Com a participação ativa de Ana Tereza Marques, viúva do escritor e também bordamatense, cerca de 20 poetas, jornalistas e artistas, amigos de Donizete visitaram Borda da Mata para participar da homenagem durante o sarau de abertura, no dia 09/11/18, no Colégio Nossa Senhora do Carmo. Além da presença de familiares e da editora Martelo, a qual fez o lançamento do livro inédito “O antipássaro” durante o evento.

 

Durante o sarau de abertura, na noite de sexta-feira, o evento contou com apresentações da Casa do Piano com a professora Maria Rita Costa Bertolaccini, as alunas da Escola Municipal Professora Diva Ribeiro dos Santos, Isabelly Maria do Couto Costa recitou o poema “A vida de um poeta” e Lavínia Salomé Raick Silva o poema “Donizete Galvão”, escrito em sala de aula durante os estudos sobre o projeto. Os alunos do Fundamental II da Escola Municipal Benedita Braga Cobra apresentaram a peça “A turma do Chaves em ‘Quem foi Donizete Galvão’” e arrancaram aplausos e gargalhadas do público.

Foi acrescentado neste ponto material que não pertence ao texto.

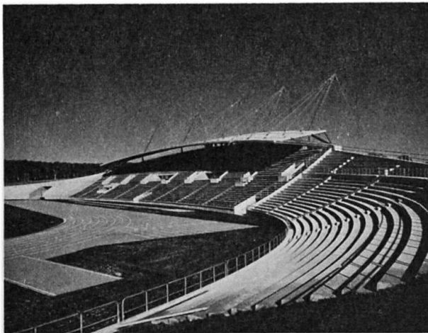
View from inside the stadium showing the grandstand with its cable suspended roof.

The roof consists of a cable-suspended structure with all of the supporting columns located at the rear of the stand to give unobstructed viewing from the seating.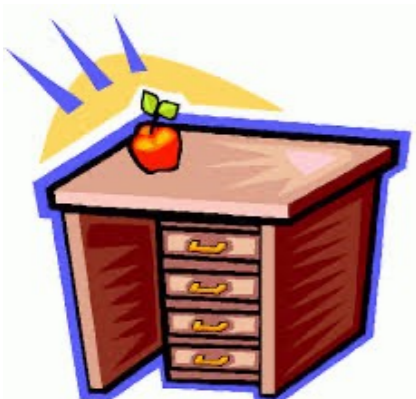
on the desk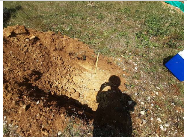
24.06.20 – TP1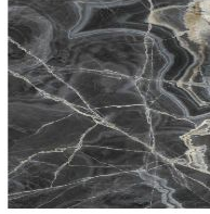
Glossy ceramic Black Onyx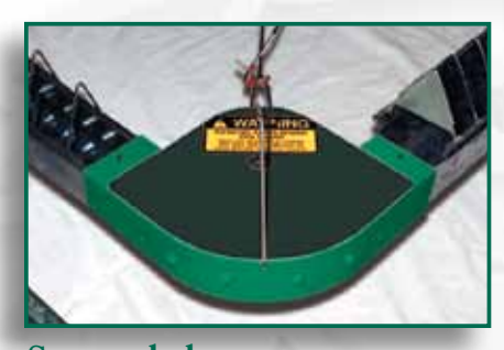
Suspended corner assembly and trough corners. VAL-CO corners have fluted wheel with oil impregnated brass bushing for long life.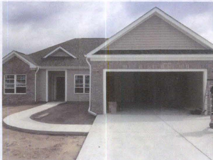
Front View 08/07/15

If using the Elevation Certificate to obtain NFIP flood insurance, affix at least 2 building photographs below according to the instructions for Item A6. Identify all photographs with date taken; "Front View" and "Rear View"; and, if required, "Right Side View" and "Left Side View." When applicable, photographs must show the foundation with representative examples of the flood openings or vents, as indicated in Section A8. If submitting more photographs than will fit on this page, use the Continuation Page.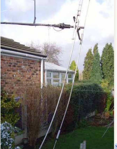
Same antenna after the storm. Sustained winds were clocked at 57 mph.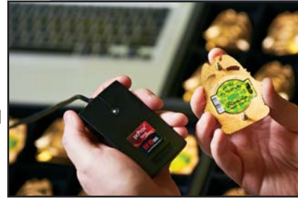
SmartShield® badge with RFID reader Patented process & parts, US7522056B2

The willingness of Blackinton® to embrace technology has helped shape the company into an industry leader, exemplified by its 2008 unveiling of SmartShield®. SmartShield® is a traditional Blackinton® metal badge with smart technology - an embedded RFID chip. This high-security U.S. patented badge solution is opening untapped markets for Blackinton®. As the company looks to the future and continues to develop and expand the SmartShield® technology one thing will always remain constant - the hand-crafted quality metal badge that holds the embedded chip.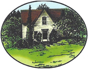
Remember the Corman House

Os alunos do 3º ano do Ensino Médio do Colégio Nossa Senhora do Carmo apresentaram “O senhor dos guizos”.

 

Com a presença de Tarso De Melo, Ruy Proença, Sônia Barros, Carlos Machado, Fabio Weintraub, Pádua Fernandes, Miguel Jubé, Diana Junkes, Luíza Mendes Furia, Reynaldo Damazio, Priscila Figueiredo, Leusa Araujo, Regina Pereira, Fábio Camarneiro, Alexandre Bonafim , Celso De Alencar e Josias Padilha, o sarau teve seu ápice com a recitação de poesias de Donizete e relatos sobre seu estilo de escrita e amor pela terra natal, muito presente em seus versos.  Uma homenagem à mãe e à esposa de Donizete Galvão, respectivamente, Maria Aparecida de Souza, conhecida como Dona Guinha, e Ana Tereza Marques encerraram o evento.

 

Na sexta-feira durante o dia, aconteceram ainda as oficinas com a poeta, crítica literária e professora de literatura na Universidade Federal de São Carlos, Diana Junkes. Na parte da manhã, as atividades aconteceram com as crianças da Escola Municipal Antônio Marques da Silva, no bairro Santa Cruz. Na parte da tarde, as atividades seguiram com os professores da Rede Municipal na Escola Municipal Professora Diva Ribeiro dos Santos.

 

No dia 10/11, sábado, a manhã cultural foi cheia de experiências literárias durante a exposição e apresentação de trabalhos, preparados pela Rede Municipal de Educação de Borda da Mata. Trabalhos manuais incríveis foram expostos na Praça Nossa Senhora do Carmo, além disso, o Coreto também recebeu apresentações de danças, recitações e música. O ator Josias Padilha e a escritora Sônia Barros participaram também com a contação de histórias entre as crianças, as quais também concorreram em sorteio e receberam livros infantis do escritor homenageado.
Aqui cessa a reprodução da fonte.